*** AVAILABLE RECORDS ***

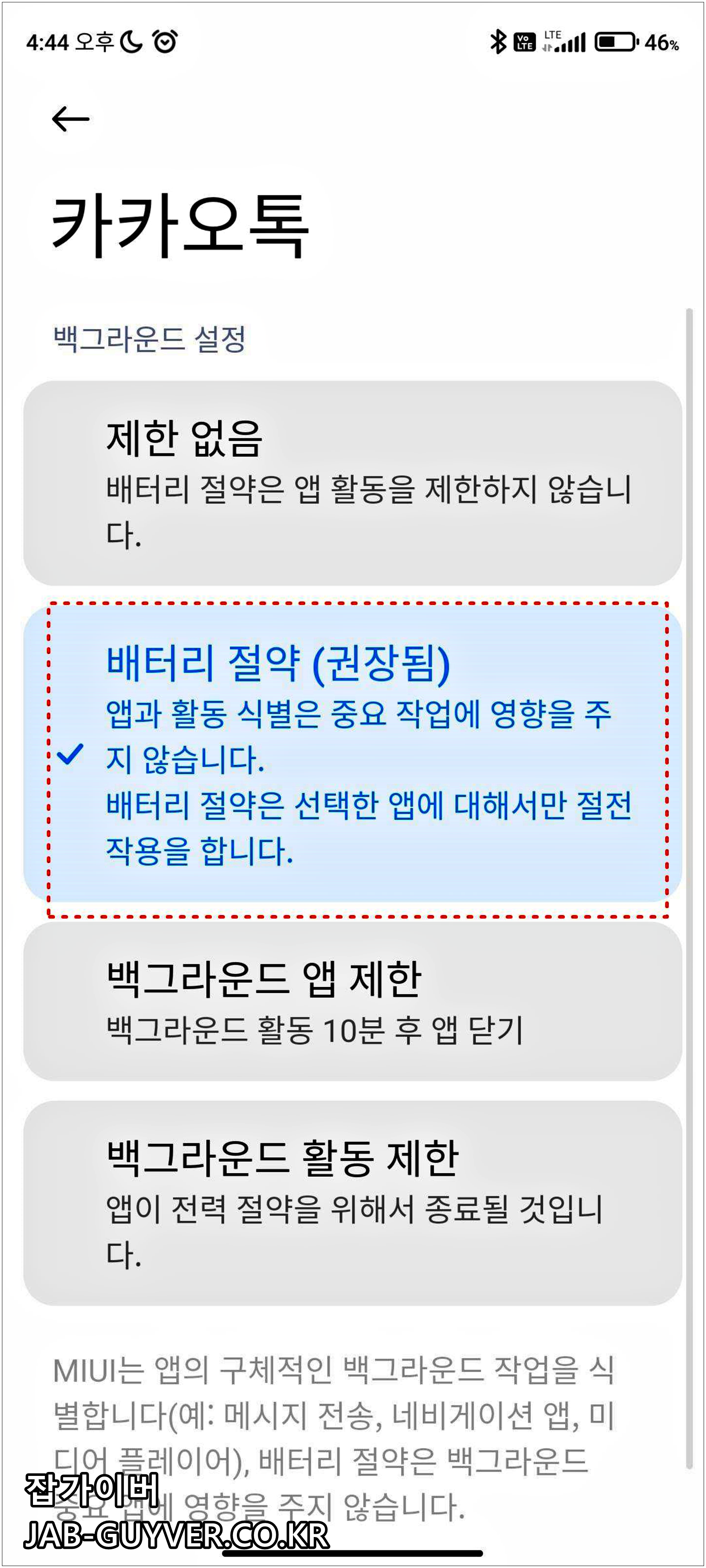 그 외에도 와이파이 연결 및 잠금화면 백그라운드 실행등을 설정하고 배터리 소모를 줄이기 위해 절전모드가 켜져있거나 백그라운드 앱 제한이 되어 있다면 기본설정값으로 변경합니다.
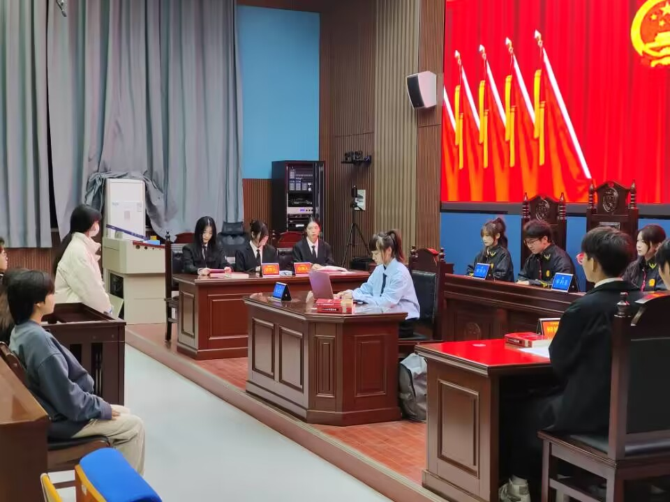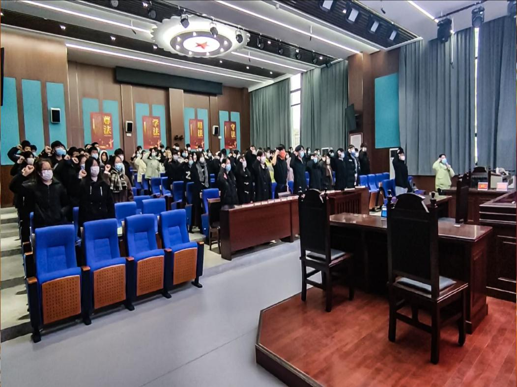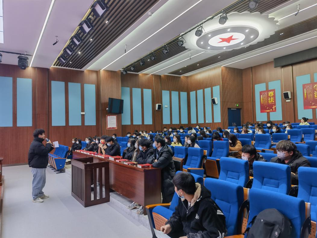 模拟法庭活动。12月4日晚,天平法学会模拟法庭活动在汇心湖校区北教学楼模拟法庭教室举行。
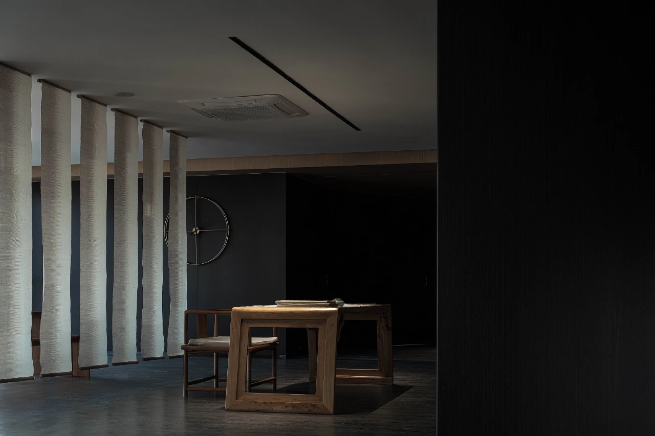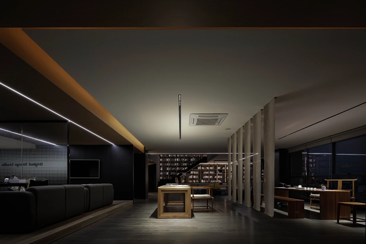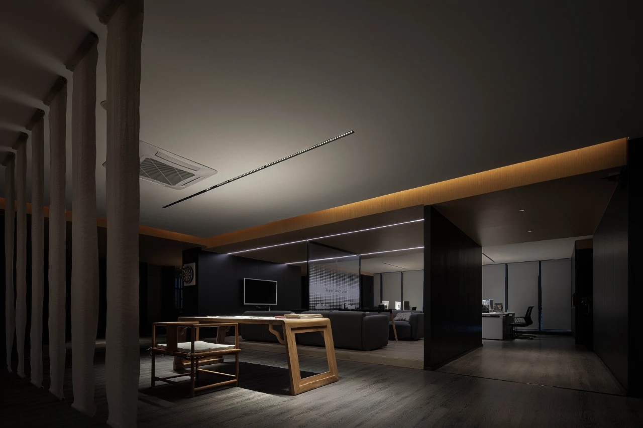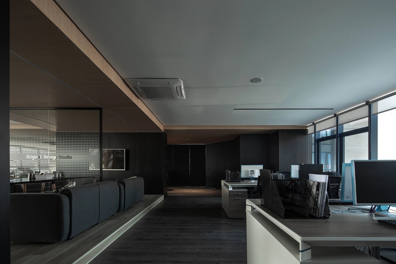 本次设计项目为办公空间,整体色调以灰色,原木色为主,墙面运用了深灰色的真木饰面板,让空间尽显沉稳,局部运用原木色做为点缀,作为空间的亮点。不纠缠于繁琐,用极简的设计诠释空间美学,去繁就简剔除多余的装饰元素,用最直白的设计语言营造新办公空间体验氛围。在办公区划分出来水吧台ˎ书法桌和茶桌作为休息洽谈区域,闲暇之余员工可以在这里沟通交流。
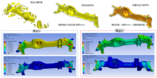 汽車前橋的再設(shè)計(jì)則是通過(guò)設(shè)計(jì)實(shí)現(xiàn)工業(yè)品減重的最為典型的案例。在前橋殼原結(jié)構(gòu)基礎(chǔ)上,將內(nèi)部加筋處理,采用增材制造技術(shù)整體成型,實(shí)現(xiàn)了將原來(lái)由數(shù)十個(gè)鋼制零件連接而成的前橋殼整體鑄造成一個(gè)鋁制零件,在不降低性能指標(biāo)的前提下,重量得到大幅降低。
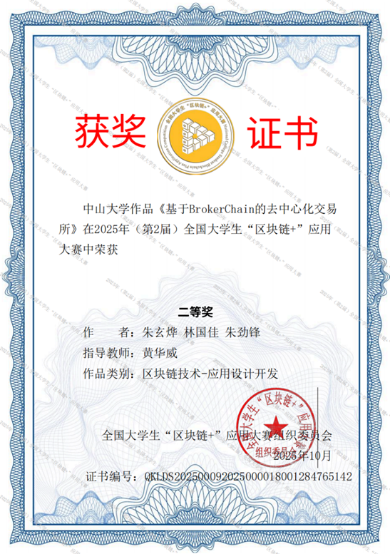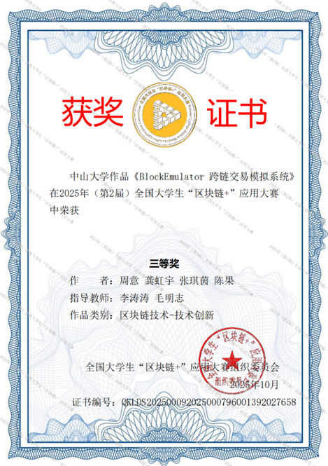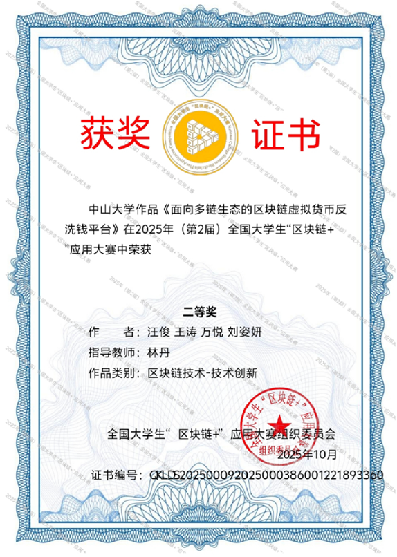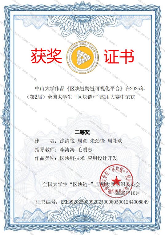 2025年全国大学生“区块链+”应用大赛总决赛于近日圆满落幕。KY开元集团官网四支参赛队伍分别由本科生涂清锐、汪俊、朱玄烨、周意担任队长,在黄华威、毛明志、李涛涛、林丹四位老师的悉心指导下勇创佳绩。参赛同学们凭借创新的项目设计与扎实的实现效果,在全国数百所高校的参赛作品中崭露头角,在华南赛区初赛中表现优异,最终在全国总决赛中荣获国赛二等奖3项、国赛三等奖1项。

***

WHAT TO PRODUCE: Please restate each entry exactly, but drop any picture it holds.

RESULT BELOW:
 그 외에도 와이파이 연결 및 잠금화면 백그라운드 실행등을 설정하고 배터리 소모를 줄이기 위해 절전모드가 켜져있거나 백그라운드 앱 제한이 되어 있다면 기본설정값으로 변경합니다.
 模拟法庭活动。12月4日晚,天平法学会模拟法庭活动在汇心湖校区北教学楼模拟法庭教室举行。
 本次设计项目为办公空间,整体色调以灰色,原木色为主,墙面运用了深灰色的真木饰面板,让空间尽显沉稳,局部运用原木色做为点缀,作为空间的亮点。不纠缠于繁琐,用极简的设计诠释空间美学,去繁就简剔除多余的装饰元素,用最直白的设计语言营造新办公空间体验氛围。在办公区划分出来水吧台ˎ书法桌和茶桌作为休息洽谈区域,闲暇之余员工可以在这里沟通交流。
 汽車前橋的再設(shè)計(jì)則是通過(guò)設(shè)計(jì)實(shí)現(xiàn)工業(yè)品減重的最為典型的案例。在前橋殼原結(jié)構(gòu)基礎(chǔ)上,將內(nèi)部加筋處理,采用增材制造技術(shù)整體成型,實(shí)現(xiàn)了將原來(lái)由數(shù)十個(gè)鋼制零件連接而成的前橋殼整體鑄造成一個(gè)鋁制零件,在不降低性能指標(biāo)的前提下,重量得到大幅降低。
 2025年全国大学生“区块链+”应用大赛总决赛于近日圆满落幕。KY开元集团官网四支参赛队伍分别由本科生涂清锐、汪俊、朱玄烨、周意担任队长,在黄华威、毛明志、李涛涛、林丹四位老师的悉心指导下勇创佳绩。参赛同学们凭借创新的项目设计与扎实的实现效果,在全国数百所高校的参赛作品中崭露头角,在华南赛区初赛中表现优异,最终在全国总决赛中荣获国赛二等奖3项、国赛三等奖1项。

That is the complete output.